------ SUPPLIED DATA ------

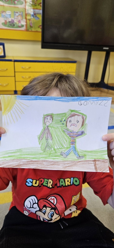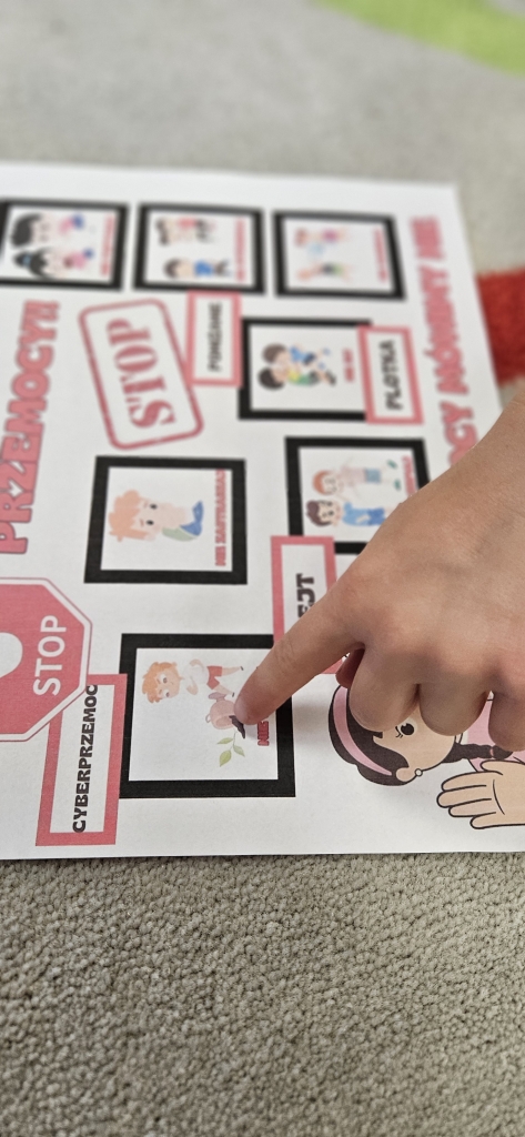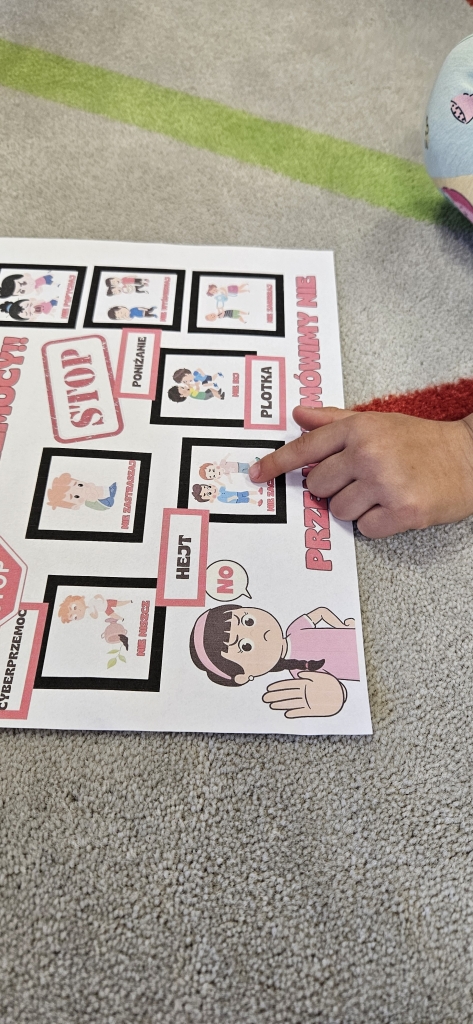 Dzieci bardzo dużo i chętnie opowiadały na ten temat. Obejrzały bajkę edukacyjną, odgrywały scenki rodzajowe. Szukały sposobów na radzenie sobie w sytuacjach, kiedy komuś dzieje się krzywda. Poznały znaczenie słowa HEJT (w cyberprzestrzeni, bezpośredni,psychiczny)
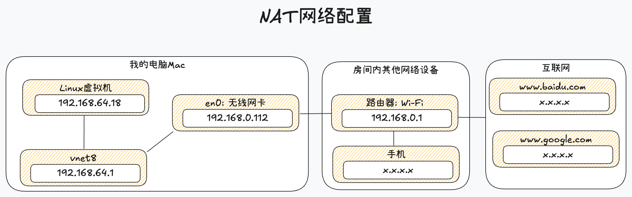 - NAT模式: 虚拟机被分配一个虚拟的私有IP地址,外部网络无法直接访问该虚拟机。虚拟机通过主机的NAT转发来访问外网,主机充当网关角色。虚拟机只能通过主机访问外网,不能直接访问局域网中的其他设备。不会引起ip冲突
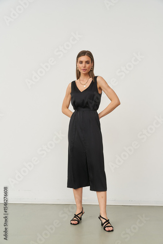 apparel, attracted, art, attractive, beautiful, beauty, black, casual attire, caucasian, clothes, clothing, confidence, confident, creative, design, dress, elegant, fashion, fashionable, female, femininity, girl, indoor, leg, lifestyle, light, look, minimalist, model, modern, natural, outfit, portrait, pose, posing, sandal, showcase, simplicity, sleek, stance, standing, studio, style, stylish, trend, visual, woman, youth

------

This task asks for the data above repeated exactly, without a single picture.

 Dzieci bardzo dużo i chętnie opowiadały na ten temat. Obejrzały bajkę edukacyjną, odgrywały scenki rodzajowe. Szukały sposobów na radzenie sobie w sytuacjach, kiedy komuś dzieje się krzywda. Poznały znaczenie słowa HEJT (w cyberprzestrzeni, bezpośredni,psychiczny)
 - NAT模式: 虚拟机被分配一个虚拟的私有IP地址,外部网络无法直接访问该虚拟机。虚拟机通过主机的NAT转发来访问外网,主机充当网关角色。虚拟机只能通过主机访问外网,不能直接访问局域网中的其他设备。不会引起ip冲突
 apparel, attracted, art, attractive, beautiful, beauty, black, casual attire, caucasian, clothes, clothing, confidence, confident, creative, design, dress, elegant, fashion, fashionable, female, femininity, girl, indoor, leg, lifestyle, light, look, minimalist, model, modern, natural, outfit, portrait, pose, posing, sandal, showcase, simplicity, sleek, stance, standing, studio, style, stylish, trend, visual, woman, youth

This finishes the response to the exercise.